Montag, 1. Februar 2016

Ist Victor Orban der 'Chávez in Europa'?


Einar Schlereth
1. Februar 2016
Orbán bei Putin in Moskau
Am 16. Januar 2016 hat Gearóid Ó Colmáin, ein irischer politischer Analytiker, der in Paris lebt, den Artikel 'Is Victor Orban the 'Chavez of Europe'? veröffentlicht. Mich hat die Figur Victor Orban seit recht langer Zeit interessiert, weil über ihn so widersprüchliche Aussagen zirkulierten – von richtigen Linken und sogenannten Linken wurde er als Rechter bezeichnet, aber auch vom Mainstream und der rechten Merkel, die am liebsten mit Faschos umgeht, von manchen Rechten aber als Linker. Dann las ich, dass er den IWF aus seinem Land rausgefeutelt hat und das Putin ihn besuchte und mit ihm sehr gut klar kam. Das fand ich ja sympathisch und hatte so einen Verdacht, aber schlauer wurde ich auch nicht. Nun endlich finde ich bei Colmáin eine Erklärung für den Schlamassel.

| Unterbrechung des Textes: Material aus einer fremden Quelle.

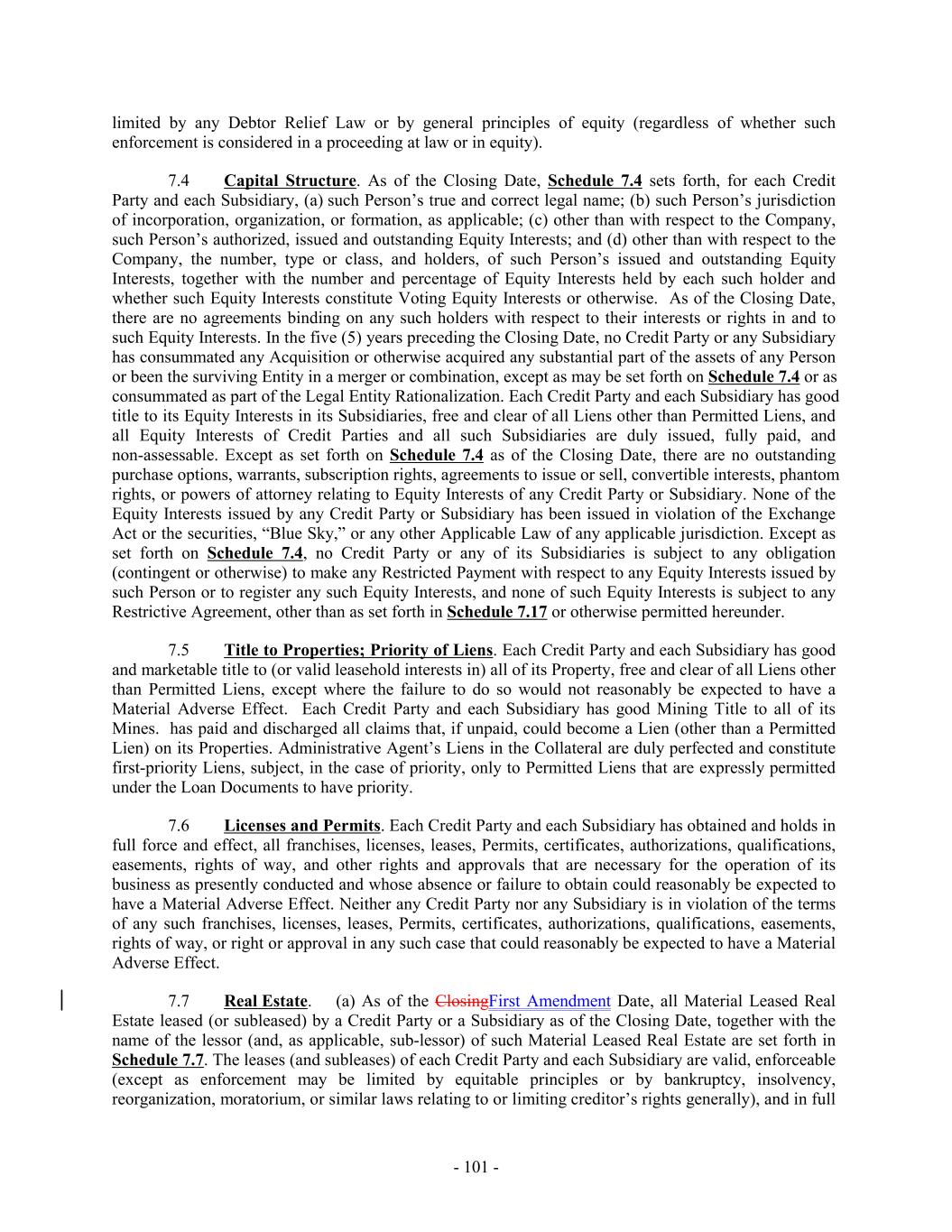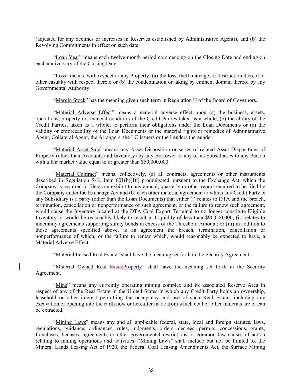 (adjusted for any declines or increases in Reserves established by Administrative Agent)), and (b) the Revolving Commitments in effect on such date. “Loan Year” means each twelve-month period commencing on the Closing Date and ending on each anniversary of the Closing Date. “Loss” means, with respect to any Property, (a) the loss, theft, damage, or destruction thereof or other casualty with respect thereto or (b) the condemnation or taking by eminent domain thereof by any Governmental Authority. “Margin Stock” has the meaning given such term in Regulation U of the Board of Governors. “Material Adverse Effect” means a material adverse effect upon (a) the business, assets, operations, property or financial condition of the Credit Parties taken as a whole, (b) the ability of the Credit Parties, taken as a whole, to perform their obligations under the Loan Documents or (c) the validity or enforceability of the Loan Documents or the material rights or remedies of Administrative Agent, Collateral Agent, the Arrangers, the LC Issuers or the Lenders thereunder. “Material Asset Sale” means any Asset Disposition or series of related Asset Dispositions of Property (other than Accounts and Inventory) by any Borrower or any of its Subsidiaries to any Person with a fair market value equal to or greater than $50,000,000. “Material Contract” means, collectively, (a) all contracts, agreements or other instruments described in Regulation S-K, Item 601(b)(10) promulgated pursuant to the Exchange Act, which the Company is required to file as an exhibit to any annual, quarterly or other report required to be filed by the Company under the Exchange Act and (b) each other material agreement to which any Credit Party or any Subsidiary is a party (other than the Loan Documents) that either (i) relates to DTA and the breach, termination, cancellation or nonperformance of such agreement, or the failure to renew such agreement, would cause the Inventory located at the DTA Coal Export Terminal to no longer constitute Eligible Inventory or would be reasonably likely to result in Liquidity of less than $90,000,000, (ii) relates to indemnity agreements supporting surety bonds in excess of the Threshold Amount; or (iii) in addition to those agreements specified above, is an agreement the breach, termination, cancellation or nonperformance of which, or the failure to renew which, would reasonably be expected to have, a Material Adverse Effect. “Material Leased Real Estate” shall have the meaning set forth in the Security Agreement. “Material Owned Real EstateProperty” shall have the meaning set forth in the Security Agreement. “Mine” means any currently operating mining complex and its associated Reserve Area in respect of any of the Real Estate in the United States in which any Credit Party holds an ownership, leasehold or other interest permitting the occupancy and use of such Real Estate, including any excavation or opening into the earth now or hereafter made from which coal or other minerals are or can be extracted. “Mining Laws” means any and all applicable federal, state, local and foreign statutes, laws, regulations, guidance, ordinances, rules, judgments, orders, decrees, permits, concessions, grants, franchises, licenses, agreements or other governmental restrictions or common law causes of action relating to mining operations and activities. “Mining Laws” shall include but not be limited to, the Mineral Lands Leasing Act of 1920, the Federal Coal Leasing Amendments Act, the Surface Mining - 38 -

Also, Orban ist kürzlich stark unter Feuer geraten, weil er einen Zaun an der Grenze zu Serbien, Kroatien und Slowenien aufstellen will, um zu verhindern, dass Flüchtlinge illegal das Land betreten. Daraufhin wurde er als xenophobischer, ultrarechts-Diktator bezeichnet, nur weil er die EU-Vorschriften des Schengen-Abkommens befolgt, nach denen Immigranten von der Polizei an den Grenzen registriert werden müssen. Laut 'Le Monde' kriminalisiere er damit die Immigranten.

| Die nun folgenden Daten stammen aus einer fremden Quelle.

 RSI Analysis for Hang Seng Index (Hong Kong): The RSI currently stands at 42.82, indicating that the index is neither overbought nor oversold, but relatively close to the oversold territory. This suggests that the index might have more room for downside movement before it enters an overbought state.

Als kleine Randbemerkung muss ich hier einfügen, dass ich als Deutscher mit meinem normalen schwedischen Personalausweis nicht mehr nach Deutschland einreisen darf, wie ich kürzlich von der Deutschen Botschaft in Stockholm erfuhr. Deswegen musste ich mir einen neuen Pass besorgen, was mich alles in allem ca. 270 € kostete. Aber Flüchtlinge können auch ohne Papiere einreisen!

Weiter mit Orban. Er ist 2010 gewählt worden und ist eigentlich sofort aufs Korn genommen worden, denn „er hat heimische, soziale und politische Maßnahmen ergriffen, die den Diktaten der EU-Kommission zuwiderlaufen. 2013 schloss Ungarn das Büro des IWF,“ wie Colmáin schreibt.

Bravo, kann ich da nur sagen, denn damit hat er die Finanzen des Landes unter eigene Kontrolle gebracht. Aber dann hat sich Orban – oh, ich kann es kaum niederschreiben, so furchtbar ist das – sich an der 'Redefreiheit' vergangen! Weil er z. B. die 'Voice of America' geschlossen hat.

Also wenn sich jemand an der Redefreiheit vergreifen darf, dann allenfalls wir, meint man in der EU und klemmt die Iranischen Fernsehsender ab. Aber das ist natürlich was ganz anderes.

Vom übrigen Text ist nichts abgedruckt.